MiniMax-M1, the world’s first open-weight hybrid-attention reasoning model, is now live on Novita AI! This breakthrough model features 456 billion parameters—with 45.9 billion activated per token—and natively supports a 1 million-token context, which is 8× larger than DeepSeek R1.
For a limited time, new users can claim $10 in free credits to explore MiniMax-M1’s advanced reasoning capabilities.

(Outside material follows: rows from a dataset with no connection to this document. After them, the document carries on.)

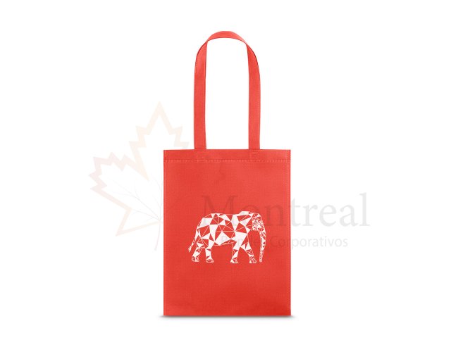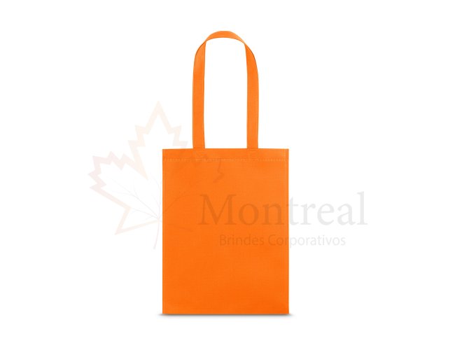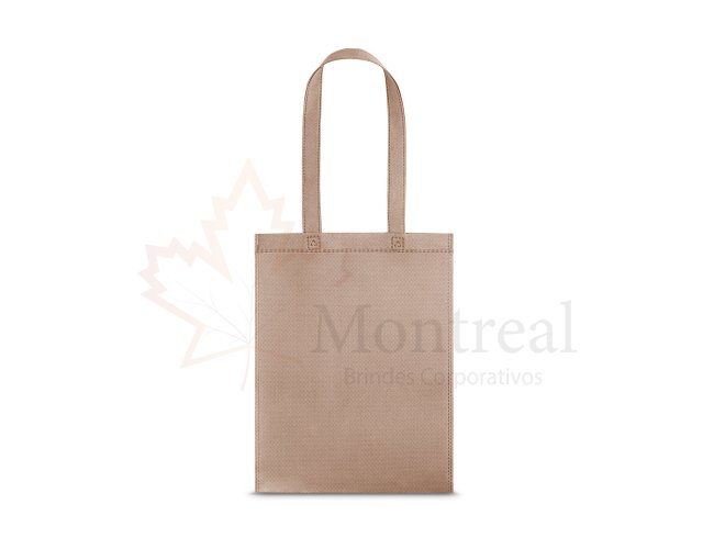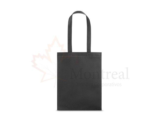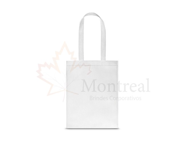 Sacola em non-woven (80 g/m²) termo-selado com alças de 55 cm. Fabricado no Brasil. 270 x 350 mm
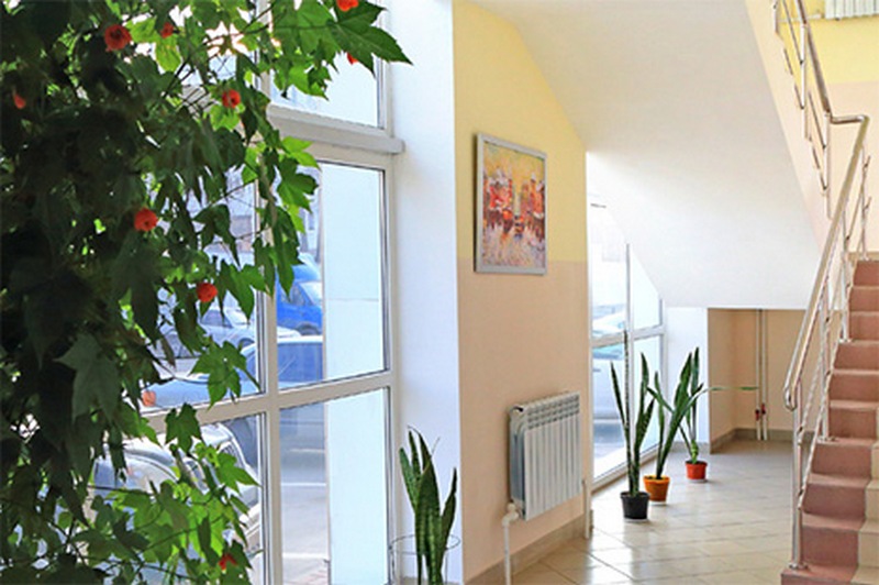 Здание расположено в центре крупного района города, в 70 метрах от автомагистрали с великолепной транспортной развязкой. И в то же время, трехэтажный особняк разместился в центре эко-парка - зеленой зоне, которая гарантирует чистый воздух и защищает от шума автодороги.
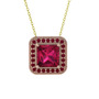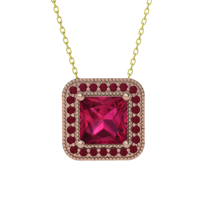 Rodolit garnet ve kök yakut 18 ayar rose altın kolye (40 cm altın rolo zincir)
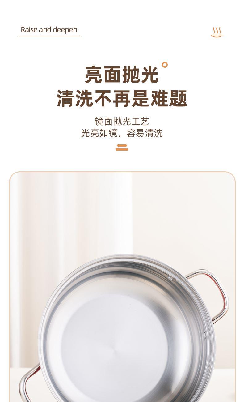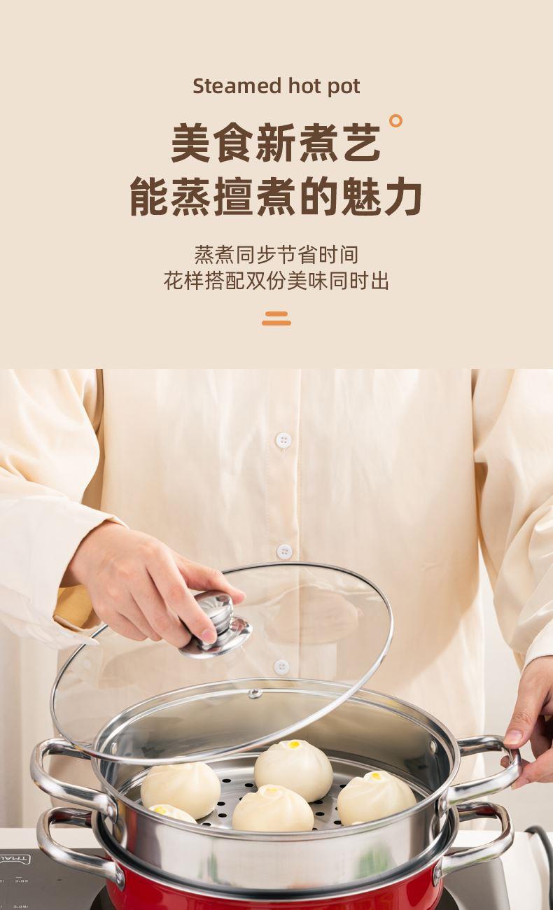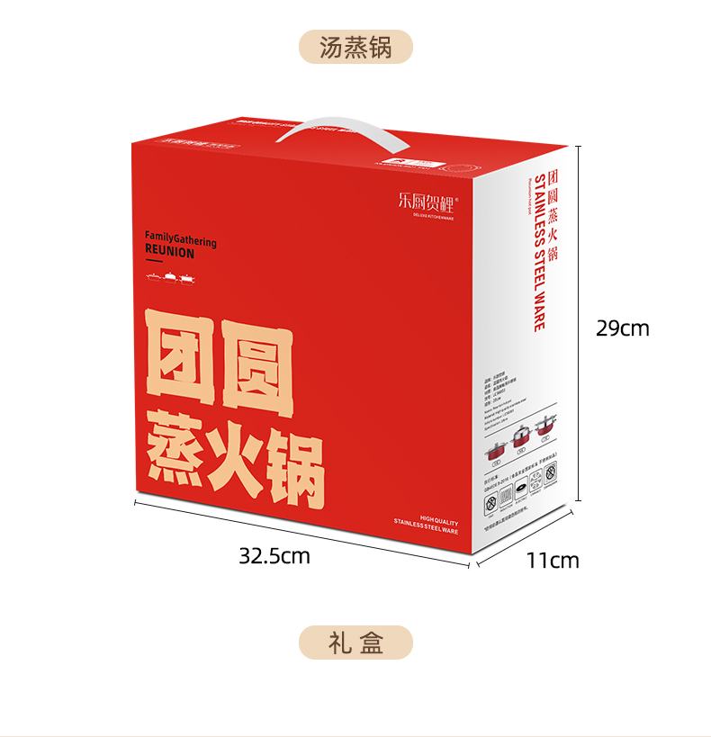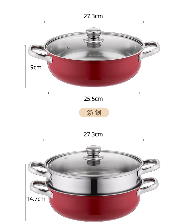 产品规格:28cm 产品材质:410不锈钢 包装方式:opp透明袋+手提彩盒 彩盒尺寸:32.5*11*29CM 外箱尺寸: 65.5*48.5*68 cm 创造高业绩,送礼心坎里,好产品,助您开门红事半功倍。 采用国际标准不锈钢板材,食品接触用钢材,搭配蒸格使用, 冬季火锅边煮边蒸,一锅两菜更实用,加高底锅,可做清汤锅使用, 可打火锅使用,多炉灶通用。 红礼盒包装,时尚大气,是您引流拓客,宣传必备礼品。
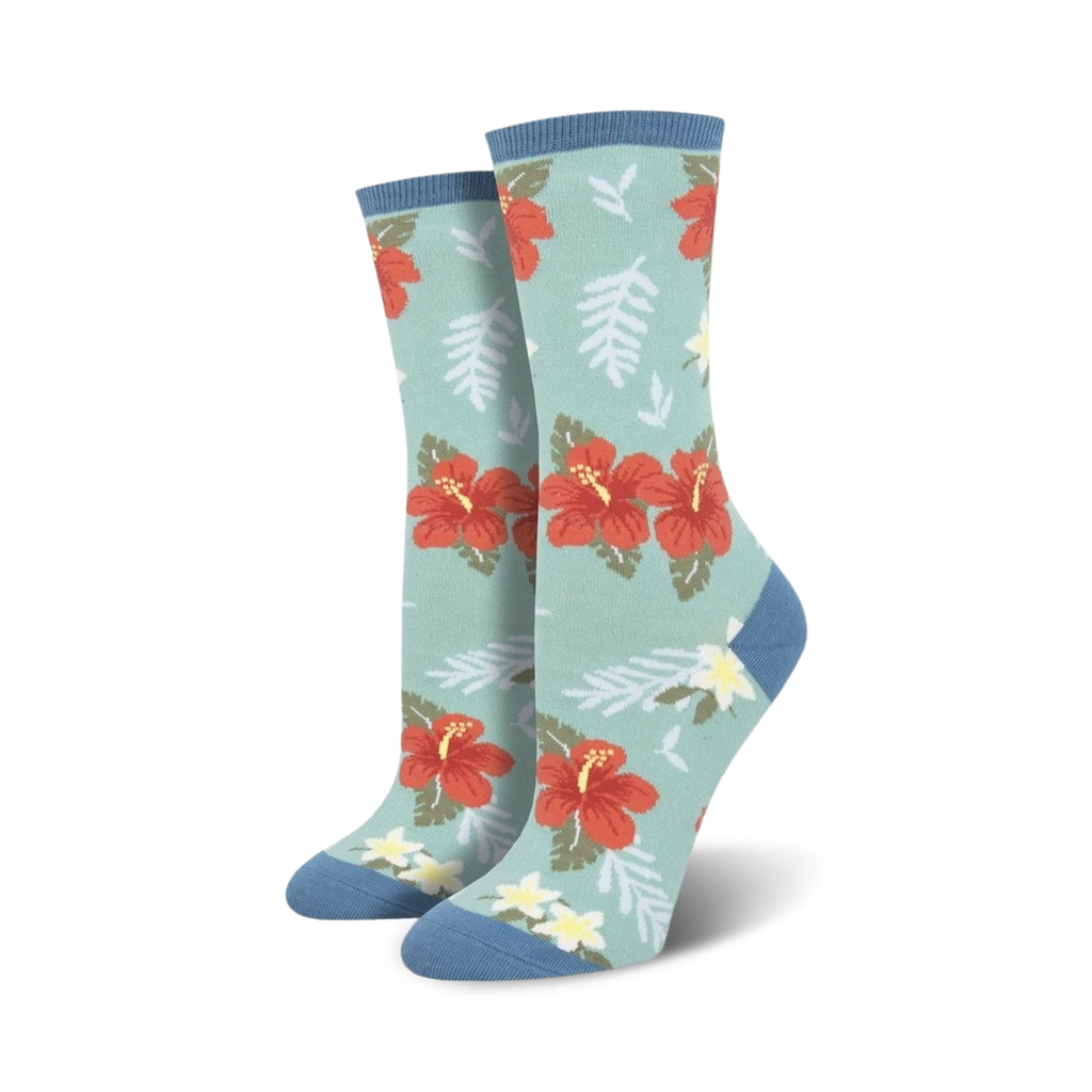 Longing to put your feet in that warm, powdery white sand? Well, these awesome Hawaiian-themed socks will transport you to the serene islands of paradise. These cool pair of these women's crew socks feature lovely plumerias and hibiscuses floating around on a dark blue background. When you slip on these fun socks, your feet will say "Mahalo"!

Power your applications with cutting-edge hybrid-attention technology—MiniMax-M1 is just an API call away.
Here’s the current MiniMax-M1 pricing on Novita AI:
MiniMax-M1-80K: $0.55 / M input tokens, $2.2 / M output tokens
What is MiniMax-M1?
MiniMax-M1 represents a paradigm shift in large language model architecture. Developed by MiniMax-AI, this innovative model introduces the world’s first open-weight, large-scale hybrid-attention reasoning system that combines a hybrid Mixture-of-Experts (MoE) architecture with a revolutionary lightning attention mechanism.
Key Features of MiniMax-M1
🔹 Hybrid-Attention & Mixture-of-Experts
MoE layers activate 45.9 B parameters out of 456 B for each token, paired with lightning attention for speed and efficiency.
🔹 Massive 1 Million‑Token Context
Supports up to a million tokens natively, ideal for summarizing books, logs, and whole codebases.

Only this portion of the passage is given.